Buddhism teaches us that this world is a place of suffering.  Most of our suffering is experienced through our own egos or those of others.  The solution to suffering, according to Buddhism, is the negation of ego or personality.  The Vedas identify the problem of ego as false ego – false ego being the pure soul or atma’s false identification with matter.  The Vedic perspective is positive.  Rather than negate identity, our true spiritual identity is re-awakened through the process of yoga or self-realization.  The Bhagavad-gita explains that there is no loss or diminution on the spiritual path.  The slightest amount of spiritual progress made in this life carries over into our next life.  Whatever material progress we make in this life, however, is lost at the time of death.

Self Realization

The Vedas teach three levels of self-realization, namely: sambhanda, abhideya and prayojana.

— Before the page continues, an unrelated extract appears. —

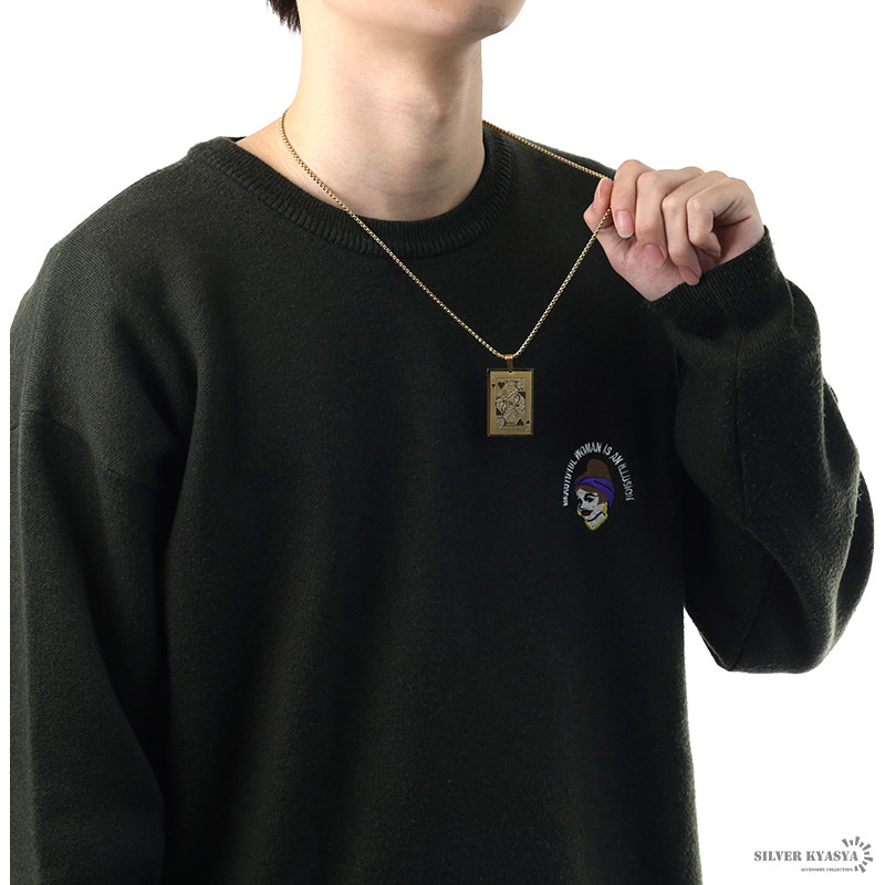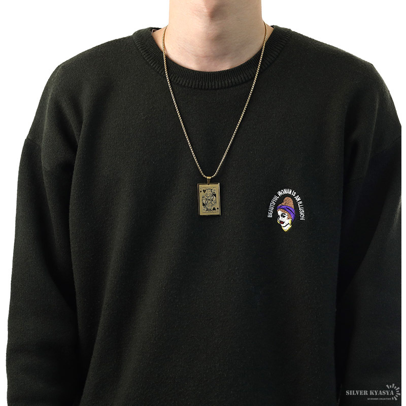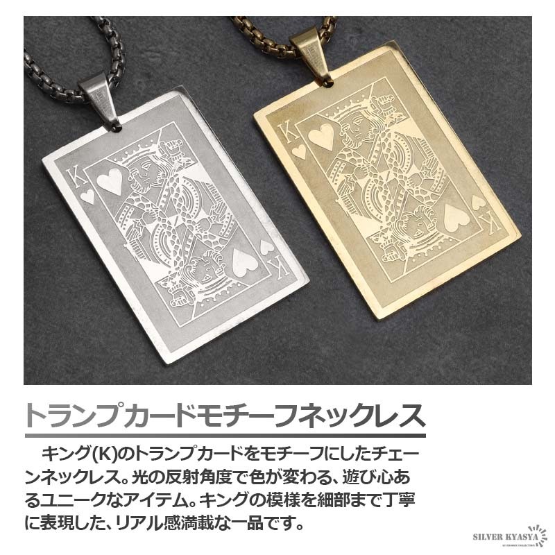 キング(K)のトランプカードをモチーフにしたチェーンネックレス。光の反射角度で色が変わる、遊び心あるユニークなアイテム。キングの模様を細部まで丁寧に表現した、リアル感満載な一品です。

Sambhanda is the development of our relationship with Krishna or the Divine.  Sambhanda begins with the first aphorism of the Vedanta (spiritual conclusions of the Vedas) – athato brahma jijnasa.  Athato brahma jijnasa means ‘now that you have achieved the rare human form of life enquire into the nature of the Absolute Truth.’  This human form of life is, therefore, meant for self-realization.  Our ultimate purpose is not meant to simply acquire wealth or to maintain this material body.  We are meant to understand our eternal spiritual identity.  Self-realization begins with self-interest – understanding our position in relation to the world around us, understanding our spiritual identity and understanding the nature of God.

The next stage of self-realization is called abhideya – the practice of spiritual life in this material world.  The most important abhideya, or spiritual practice, is the chanting of the Holy Names of God, the Hare Krishna maha-mantra.  The chanting of Hare Krishna is both the means and the end of spiritual practice.  You might think, ‘Why do I need to chant this mantra?  Surely self-realization is more complicated than reciting words?’  The cause of the problem is simple.  Material desire.  The solution, however, is also simple.  Spiritual application.

The final stage of self-realization is called prayojana.  At the stage of prayojana or spiritual perfection we are fully aware of our eternal, spiritual identity and are free from the temporary identification with matter.  This is called siddha-deha or svarupa-siddhi -realization of our spiritual form.  At the stage of spiritual perfection, we still chant – but in full awareness of our spiritual body and our spiritual purpose.